*** Opening Source material ***
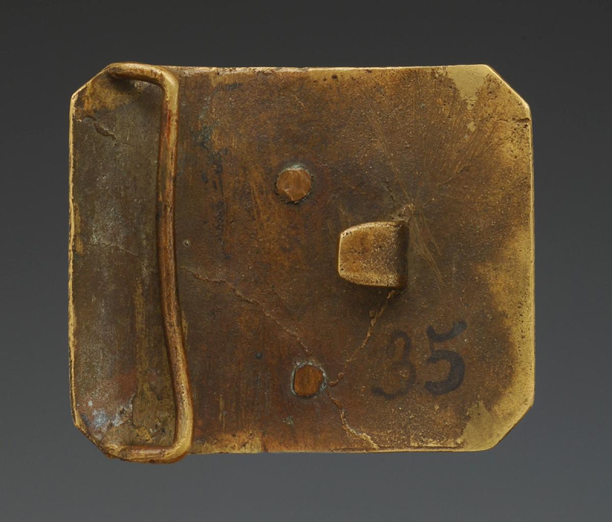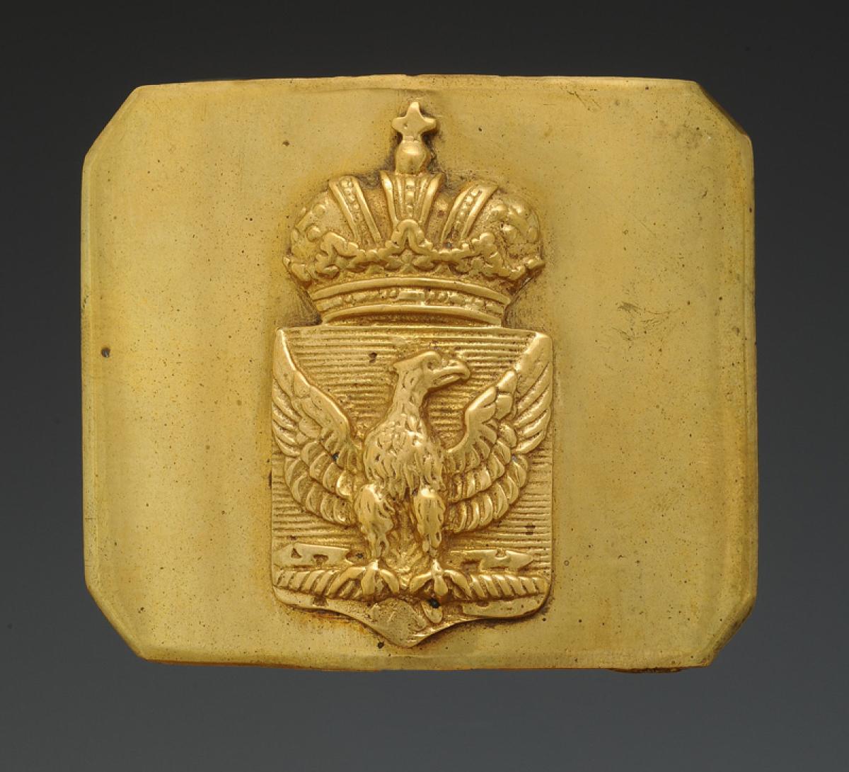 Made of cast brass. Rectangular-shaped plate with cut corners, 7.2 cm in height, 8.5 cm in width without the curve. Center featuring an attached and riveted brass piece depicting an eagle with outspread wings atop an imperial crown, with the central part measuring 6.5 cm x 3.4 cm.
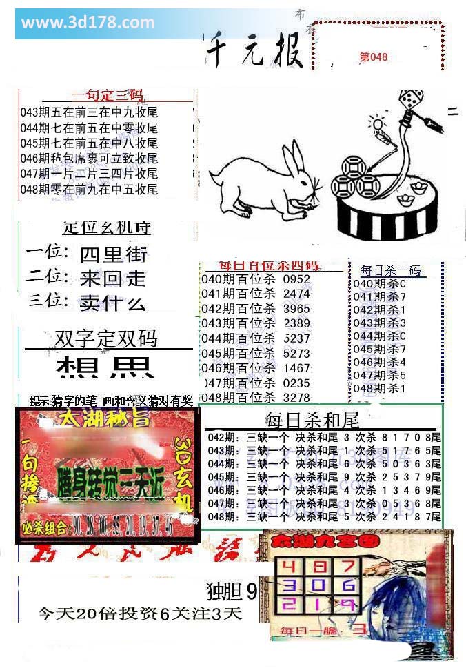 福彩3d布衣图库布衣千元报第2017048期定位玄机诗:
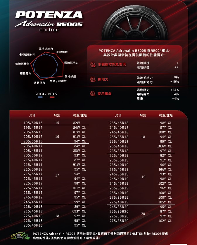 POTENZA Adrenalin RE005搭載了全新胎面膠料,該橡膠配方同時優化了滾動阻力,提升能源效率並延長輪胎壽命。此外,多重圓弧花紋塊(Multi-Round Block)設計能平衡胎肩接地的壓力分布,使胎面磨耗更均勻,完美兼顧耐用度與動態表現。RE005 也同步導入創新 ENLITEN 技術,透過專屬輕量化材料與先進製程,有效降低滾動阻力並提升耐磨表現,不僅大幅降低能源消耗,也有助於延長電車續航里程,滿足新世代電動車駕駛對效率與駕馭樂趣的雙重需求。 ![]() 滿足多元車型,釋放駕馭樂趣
*** Closing Source material ***
• Work instruction:
From the first line to the last, repeat the listing exactly and skip its images.

• Answer box:
 Made of cast brass. Rectangular-shaped plate with cut corners, 7.2 cm in height, 8.5 cm in width without the curve. Center featuring an attached and riveted brass piece depicting an eagle with outspread wings atop an imperial crown, with the central part measuring 6.5 cm x 3.4 cm.
 福彩3d布衣图库布衣千元报第2017048期定位玄机诗:
 POTENZA Adrenalin RE005搭載了全新胎面膠料,該橡膠配方同時優化了滾動阻力,提升能源效率並延長輪胎壽命。此外,多重圓弧花紋塊(Multi-Round Block)設計能平衡胎肩接地的壓力分布,使胎面磨耗更均勻,完美兼顧耐用度與動態表現。RE005 也同步導入創新 ENLITEN 技術,透過專屬輕量化材料與先進製程,有效降低滾動阻力並提升耐磨表現,不僅大幅降低能源消耗,也有助於延長電車續航里程,滿足新世代電動車駕駛對效率與駕馭樂趣的雙重需求。 ![]() 滿足多元車型,釋放駕馭樂趣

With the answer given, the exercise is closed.